Because our photos for the panorama were taken without any rotation, we don't need to worry about making these features rotation invariant. In a real setting, we would make them rotation invarient by also figuring out which direction the corners point in and rotating all extracted features to have the corners point in the same direction consistantly.

Here are a couple of extracted feature descriptors:



They look pretty bad, but this is to be expected, as we are down-sampling by a lot, and also normalizing and biasing, which make the corners much harder to recognize for us.

4. Matching Feature Descriptors

To match feature descriptors to each other, we take the list of feature descriptors for each of the images, and compute the pairwise distances between them. This works decently, but many mistakes are still made. To improve the performance, we use the Russian Granny Algorithm as discussed in class. We take the ratio between the first nearest neighbor and second nearest neighbor, and threshold that value, throwing away all pairs that are not past the threshold. The intuition here is that if a patch is close to both its first and second nearest neighbor, then it's not a very trustworthy match, so we just throw it away.

This gives us matching points in the two images:






5. RANSAC to Compute Homography

Now that we have a list of points that we think match, we need to compute a homography as before. However, we don't know which points are good matches and which ones aren't. We think that most are good, but we aren't guarenteed that all are good. To combat this, we use Random Sample Consensus (RANSAC for short).
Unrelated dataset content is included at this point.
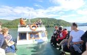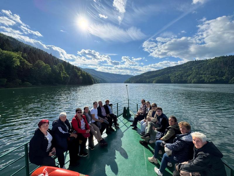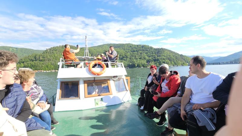 A szorosból kiérve a Békási-víztározó felé vettük az irányt, ahol a kirándulásunk szerves részeként közösen hajóra szálltunk, majd egy mintegy félórás hajókirándulás során gyönyörködhettünk a hatalmas tó kékjében, az esős napok után megérkezett, melengető napsütésben, és a tavat minden irányból körülölelő, a vízfelszínről is visszatükröződő, sűrű erdőkkel borított hegyek látványában. A tó békéje és a zöldellő hegyek látványa szép levezetése volt a nap élményeinek.

For a number of iterations, for every iteration we pick 4 points at random, compute the homography using those 4 points, then use that homography matrix to transform all of the interest points in one image to the other image and see how many are mapped correctly (inliers) and how many are mapped incorrectly (outliers). We use the homography matrix of the set of points that had the largest set of inliers. To get an even better homography matrix, we can recompute the matrix using all of the corresponding inliers (to help minimize error).

6. Compose the Images - Putting it all Together

Finally, we compose the two images together in the same fasion as in part A of the project. With these two forest images, we get the following result:

The result with provided correspondances on the left, the auto-corresponded result on the right

This is really good! It is especially impressive considering that we didn't provide anything other than the two input images. It is a magnitude better than the result with the same images from part 1.

Result Comparison

On the left is the result when manually providing correspondances, and on the right is the result of automatically finding correspondances:
This one looks much, much better. All of the lines line up correctly.


This one also looks very, very good. This is my favorite. You can't tell at all where the seam is.

This one looks better, but not as drastically better as with the other two examples. You can tell that it's a bit better because the light fixture in the building on the left isn't doubled as it is in the panorama from part 1.

It is completely crazy to me how the auto-created results are not only on par with my hand-matched mosaics, but actually an order of magnitude better. Yosemite, in particular, stands out. That image looks like it was taken by a single camera in a single photo. There is no point that I can tell that it was a composed photo. I think it worked particularly well because everything in the image was so far away from the camera.

My favorite part was playing around with more images that I'd taken and NOT having to provide manual correspondances. The amazing quality without providing correspondances made it really fun to play with. That was the coolest part that I learned - with a proper pipeline, you can accomplish pretty difficult tasks automatically and with very high quality.